• **Data for review**
____

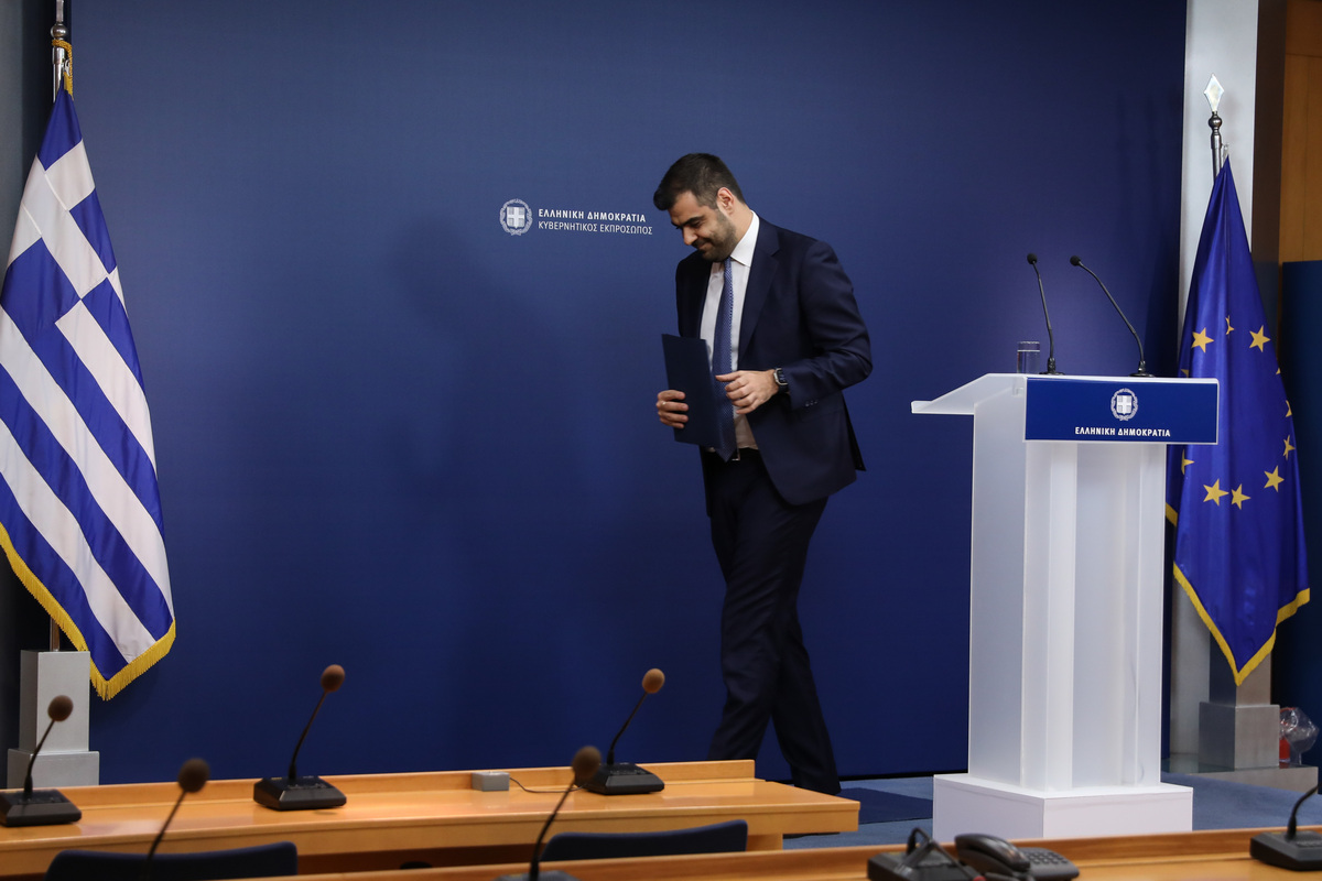 Ο υφυπουργός παρά τω πρωθυπουργώ και κυβερνητικός εκπρόσωπος, Παύλος Μαρινάκης κατεβαίνει από το βήμα μετά την ανακοίνωση της νέας σύνθεσης της κυβέρνησης στη Γενική Γραμματεία Επικοινωνίας και Ενημέρωσης, Αθήνα, Παρασκευή 14 Μαρτίου 2025. ΑΠΕ-ΜΠΕ/ΑΠΕ-ΜΠΕ/ΓΙΩΡΓΟΣ ΒΙΤΣΑΡΑΣ
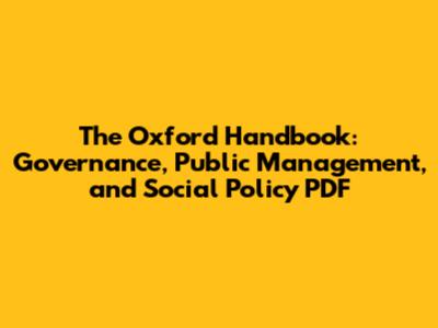 Oxford Handbook: Governance, Public Management, And Social Policy PDF
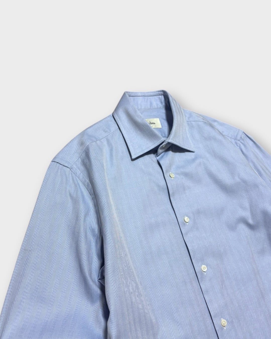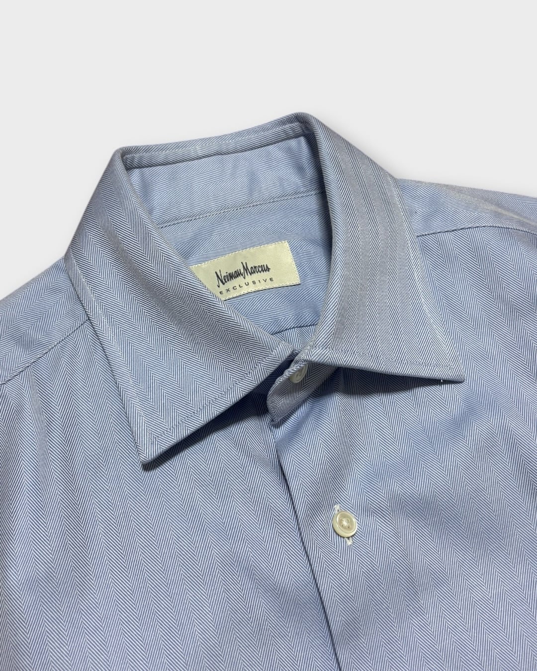 【Used】“Neiman Marcus” Herringbone Sax Blue Dress Shirt Made in Italy
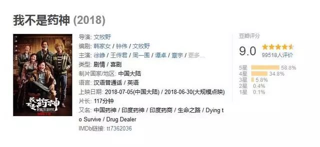 2018年7月5日,一部划时代的神片——《我不是药神》上映。刚上映半天,它被誉为二十年才出现一回的华语豆瓣九分神片。上一部华语9分片,还是十六年前,梁朝伟和刘德华主演的《无间道》。
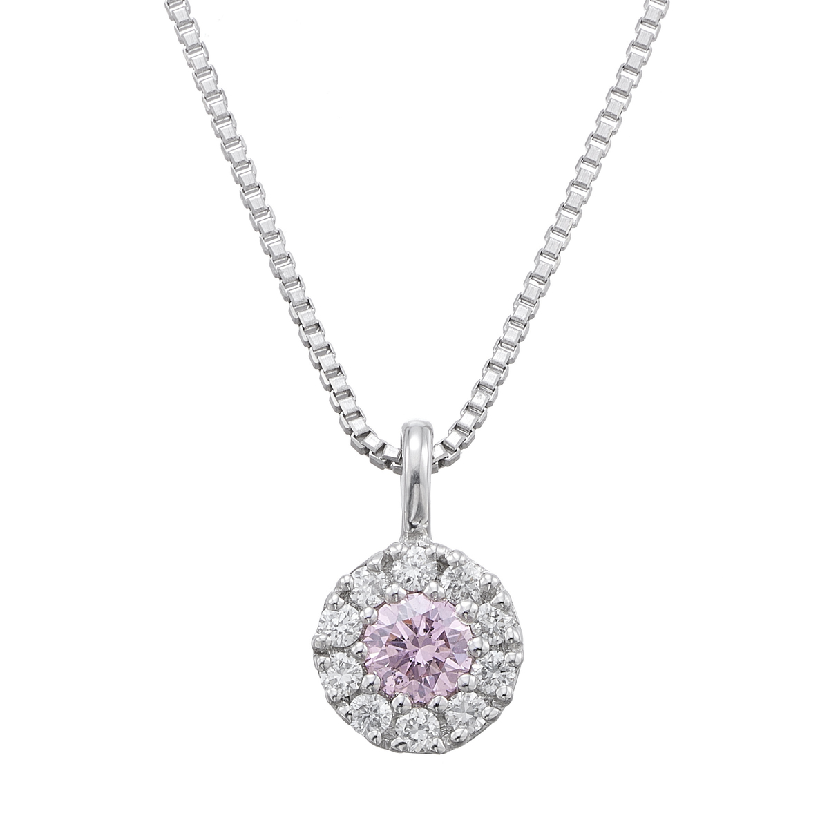 SIupで0.05ctUPのファンシーピンクカラーのダイヤモンドが際立つ華やかなペンダント。美しいピンクの輝きを合計10石のダイヤモンドで囲み、輝きを大きく見せるデザインに仕上げました
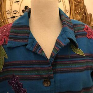 CHICO'S Cotton Jacket Size 2 (M). Silk Appliques, Beading, Embroidery. Excellent pre-loved condition. No spots, tears or damage. Center back length is 26". Sleeve length incl. cuff is 22". Bust is 44". Dry Clean.
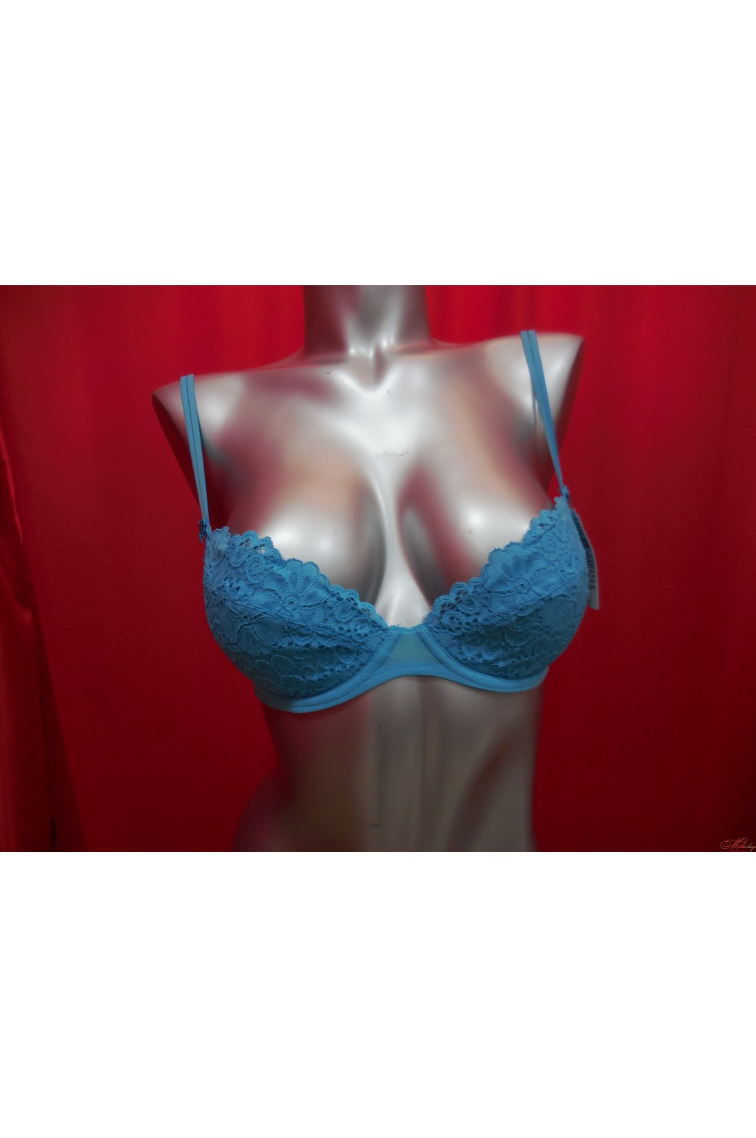 Бюстгальтер «пуш ап» из эластичного кружева и эластичной сетки, на каркасах. Чашки на дубляже с хлопком, с объемными вкладышами.
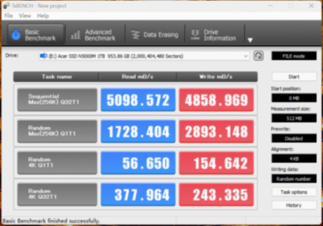 另外,我們也使用了TxBENCH進行了測試,它的讀取為5098.572,寫入為4858.969。比CDM讀取慢了一丟丟,寫入快了一丟丟。當然,這個和軟件的算法有關,但也從另外一個維度說明了,宏碁N5000M 2230確實性能不錯。
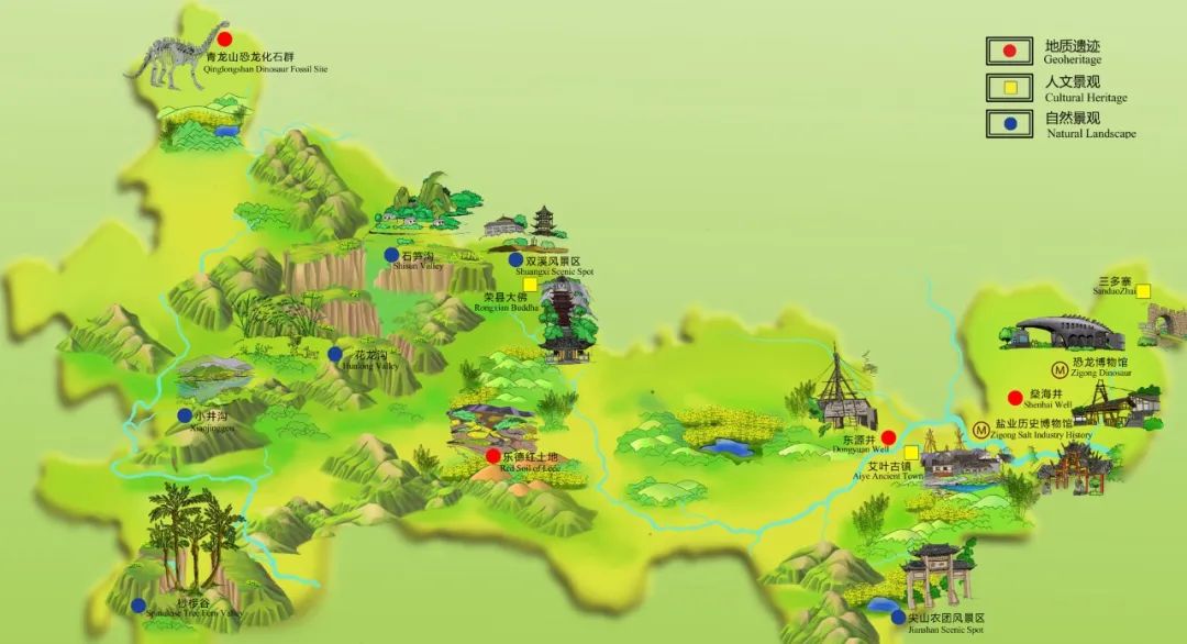 自贡世界地质公园位于四川省,公园以中侏罗世恐龙化石遗迹和井盐遗址为特色,辅以桫植物群落。地质遗迹由大山铺恐龙化石群、燊海井、东源井、凉高山长岭巨型硅化木、青龙山恐龙化石群、贡井平桥瀑布、乐德红土地等核心遗址构成。
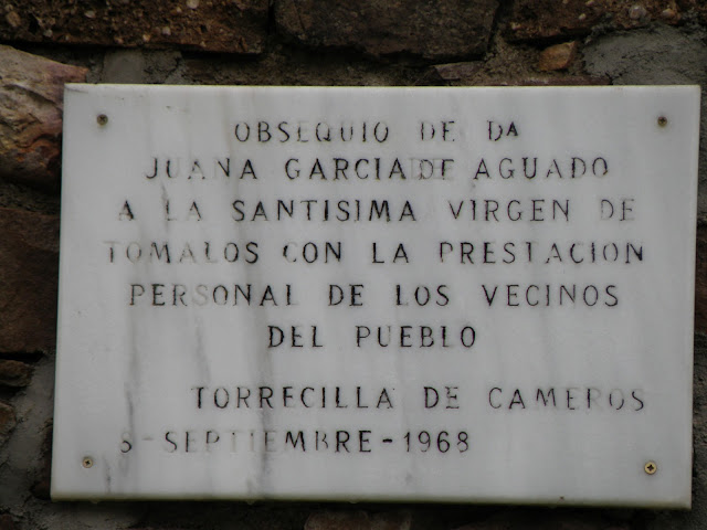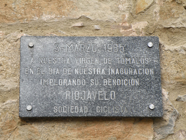 -Lema o inscripción: “En 2 de Octubre de 1876, hallándose en la plaza de Torrecilla, en la posición en que se ve, el niño Eduardo Velasco, de 6 años y medio de edad, se salvó milagrosamente invocando a Nuestra Señora de Tómalos”

____

• **Assigned task**
Exclude the images, then output the data above word for word.

• **Task answer**
 Ο υφυπουργός παρά τω πρωθυπουργώ και κυβερνητικός εκπρόσωπος, Παύλος Μαρινάκης κατεβαίνει από το βήμα μετά την ανακοίνωση της νέας σύνθεσης της κυβέρνησης στη Γενική Γραμματεία Επικοινωνίας και Ενημέρωσης, Αθήνα, Παρασκευή 14 Μαρτίου 2025. ΑΠΕ-ΜΠΕ/ΑΠΕ-ΜΠΕ/ΓΙΩΡΓΟΣ ΒΙΤΣΑΡΑΣ
 Oxford Handbook: Governance, Public Management, And Social Policy PDF
 【Used】“Neiman Marcus” Herringbone Sax Blue Dress Shirt Made in Italy
 2018年7月5日,一部划时代的神片——《我不是药神》上映。刚上映半天,它被誉为二十年才出现一回的华语豆瓣九分神片。上一部华语9分片,还是十六年前,梁朝伟和刘德华主演的《无间道》。
 SIupで0.05ctUPのファンシーピンクカラーのダイヤモンドが際立つ華やかなペンダント。美しいピンクの輝きを合計10石のダイヤモンドで囲み、輝きを大きく見せるデザインに仕上げました
 CHICO'S Cotton Jacket Size 2 (M). Silk Appliques, Beading, Embroidery. Excellent pre-loved condition. No spots, tears or damage. Center back length is 26". Sleeve length incl. cuff is 22". Bust is 44". Dry Clean.
 Бюстгальтер «пуш ап» из эластичного кружева и эластичной сетки, на каркасах. Чашки на дубляже с хлопком, с объемными вкладышами.
 另外,我們也使用了TxBENCH進行了測試,它的讀取為5098.572,寫入為4858.969。比CDM讀取慢了一丟丟,寫入快了一丟丟。當然,這個和軟件的算法有關,但也從另外一個維度說明了,宏碁N5000M 2230確實性能不錯。
 自贡世界地质公园位于四川省,公园以中侏罗世恐龙化石遗迹和井盐遗址为特色,辅以桫植物群落。地质遗迹由大山铺恐龙化石群、燊海井、东源井、凉高山长岭巨型硅化木、青龙山恐龙化石群、贡井平桥瀑布、乐德红土地等核心遗址构成。
 -Lema o inscripción: “En 2 de Octubre de 1876, hallándose en la plaza de Torrecilla, en la posición en que se ve, el niño Eduardo Velasco, de 6 años y medio de edad, se salvó milagrosamente invocando a Nuestra Señora de Tómalos”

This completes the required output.